17 - Wings (Memórias de Ellie)

"No momento em que estamos perdidos e encontrados
Eu só quero estar ao seu lado
Se estas asas pudessem voar"

— Wings, Birdy

Ellie chegou acompanhada de sua mãe para mais uma sessão de quimioterapia. Após inúmeras cirurgias, o médico informou que as células cancerígenas começaram a regredir, o que trazia uma pequena chama de esperança para a jovem, que vislumbrava um futuro livre da doença.

Primeiramente, surgiu a batalha para encontrar um doador de células-tronco compatível com Ellie. Nenhum membro da família poderia ser doador, mas após algum tempo, encontraram um doador e, desde então, Ellie vinha gradualmente se recuperando.

Com um lenço envolvendo sua cabeça, ela fitava entediada a janela à sua frente. Desde o diagnóstico, foi obrigada a abrir mão do ballet. Continuava a treinar, porém, agora sob a tutela de uma professora particular em seu próprio lar. Essa professora compreendia as limitações da jovem e não a pressionava, respeitando seu tempo e dores. Ellie até gostava de poder continuar dançando, sua mãe chorava todas as noites pela doença da filha e, quando a via dançando, seu olhar se enchia de esperança.

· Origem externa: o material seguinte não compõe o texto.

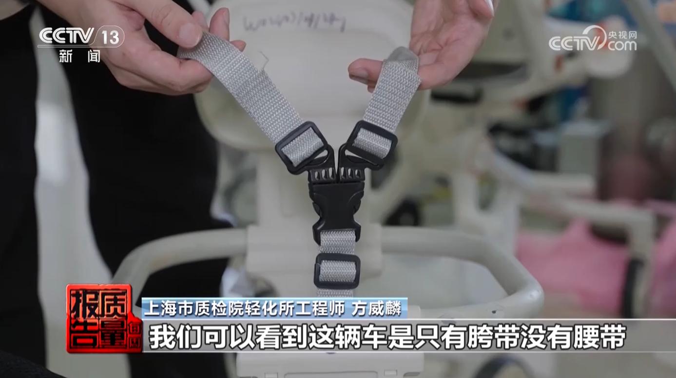 在這一次檢測中發現這些產品有42.3%的產品不符合這個安全帶的要求,因爲孩子坐在遛娃車上是要需要有腰帶和胯帶的,有的車子有胯帶沒有腰帶,有的車子有腰帶沒有跨帶,那都是不合格的,容易導致孩子墜地,造成傷害。
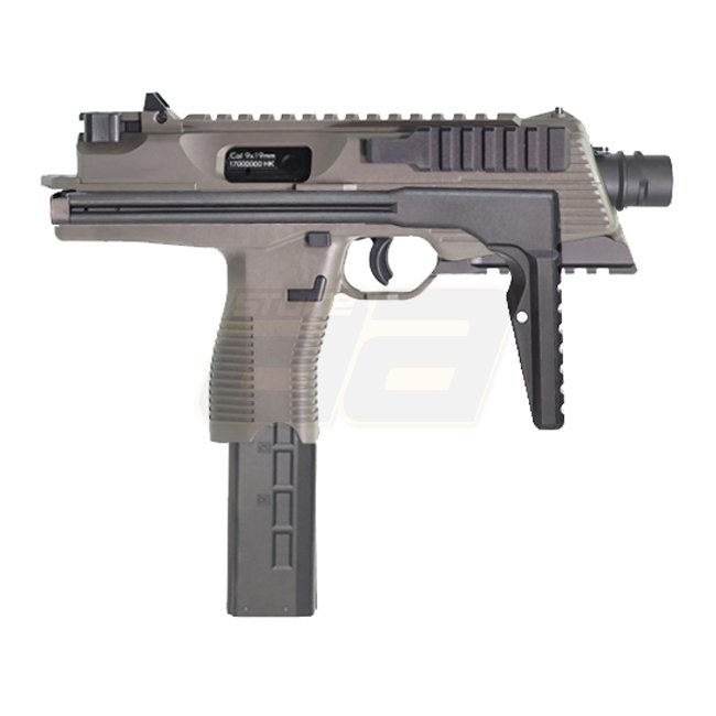 KSC TP9 A3 Gas Blow Back SMG - Ranger Grün: Faserverstärkter Polymer/Metal, 48 Schuss Magazin, 305/527mm, 1725g, 140mm Innenlauf, 330-350FPS, Halb- & Vollautomatik, 45.27-48.02m Reichweite, Einstellbares Hop Up. Im Paket enthalten sind Waffe & Magazin.
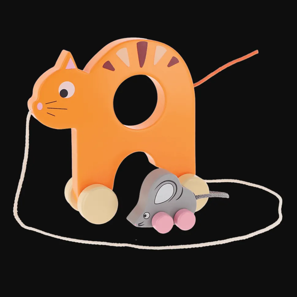 Zabawki Kotek z myszką na drewnianych kółeczkach zostały wykonane z naturalnego, bezpiecznego dla dzieci drewna.

Também havia o fato de que a garota não conseguia imaginar sua vida sem a dança, mesmo que inicialmente não fosse seu sonho. De alguma maneira, ela se apegara àquele mundo de movimentos gracioso e disciplina constante. Os treinos eram horríveis, a pressão absurda, mas quando ela podia dançar, expressar tudo que sentia através dos movimentos delicados do ballet, ela se sentia feliz, poder mostrar quem ela era através da dança a deixava feliz.

Lucy e Rob estiveram ao lado de Ellie, oferecendo-lhe todo o apoio necessário, especialmente quando seus longos cabelos castanhos começaram a cair. Lucy cortou o próprio cabelo para se igualar à amiga, enquanto Rob, sempre atencioso, fazia Ellie rir e estava sempre com ela. Embora o câncer fosse uma doença triste, tinha os melhores amigos, que tornavam a luta menos árdua.

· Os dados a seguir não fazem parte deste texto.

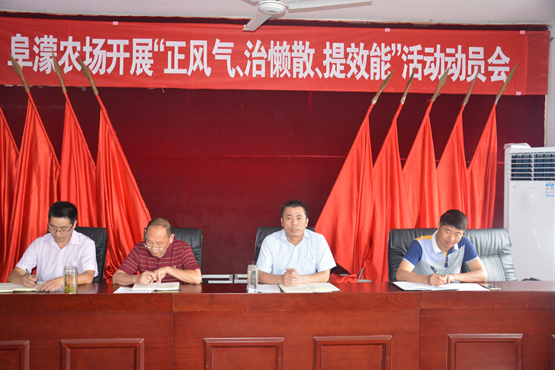 81,阜农场召开正风气、治懒散、提效能活动动员会,全场各级管理人员参加会议。

No hospital do câncer, ela também criou amizades, mas, ao longo desses longos dois anos, viu alguns deles partir. Ainda se recordava do primeiro dia em que chegou lá, quando uma garota extremamente bonita puxou assunto. As duas conversaram bastante, e Ellie tentou firmar uma amizade, mas a garota disse indiferente: "Não podemos criar laços aqui. Hoje estou te vendo, mas amanhã você pode estar morta. Vamos nos poupar desse sofrimento."

Ellie considerou as palavras da garota bastante rudes, porém, dias depois, ela veio a falecer, e Ellie compreendeu o que ela quis dizer. Mesmo assim, fazia questão de sempre animar aqueles ao seu redor, acreditando que o ambiente já era triste o suficiente, logo todos precisavam sorrir enquanto enfrentavam aquela provação.

De certa forma, a doença permitiu que Ellie visse a vida sob uma nova perspectiva. Ela passou a valorizar cada cumprimento que recebia, a apreciar os raios de sol que iluminavam seu rosto nas manhãs, a sentir gratidão pela chuva fria que caía de repente quando ela esquecia o guarda-chuva, e até mesmo pelo pão amanhecido que sobrava do dia anterior, já que sua mãe não conseguiu comprá-lo sempre fresquinho. A vida é algo extraordinariamente precioso, e muitas vezes ela não se deu conta do milagre que é estar vivo.

A mãe de Ellie dedicava-se de forma incansável a custear o tratamento da filha. Ellie não poderia deixar de reconhecer o valor disso. Além disso, sua tia Penny também contribuía com doações generosas  para ajudar com os custos. Embora Ellie não tivesse uma relação próxima com a família paterna, eles nutriam um grande carinho pela menina e não desejavam que o pior acontecesse.

Foi nessa época que Ellie começou a enxergar um brilho especial nas pessoas ao seu redor. Ela conseguia captar as emoções dos que a rodeavam, o que, de certa forma, a preenchia de felicidade, pois sentia-se conectada a essas pessoas que traziam consigo novas histórias e enchiam o coração da garota de amplas perspectivas sobre o mundo.

Enquanto estava assentada naquela poltrona, observando seu braço ser perfurado novamente para receber os medicamentos, sentiu-se grata por essa oportunidade, uma vez que muitas pessoas não sobreviviam por não conseguir arcar com um tratamento adequado. Ela ainda contava com pessoas que intercediam por sua cura e sempre seria grata a elas, se sentia uma sortuda.

O ambiente foi preenchido por Agatha, que chegou animada, cumprimentando a equipe e os pacientes e sentando-se ao lado da amiga. Agatha enfrentava um câncer de pulmão e fazia as sessões de quimioterapia junto a Ellie há algum tempo.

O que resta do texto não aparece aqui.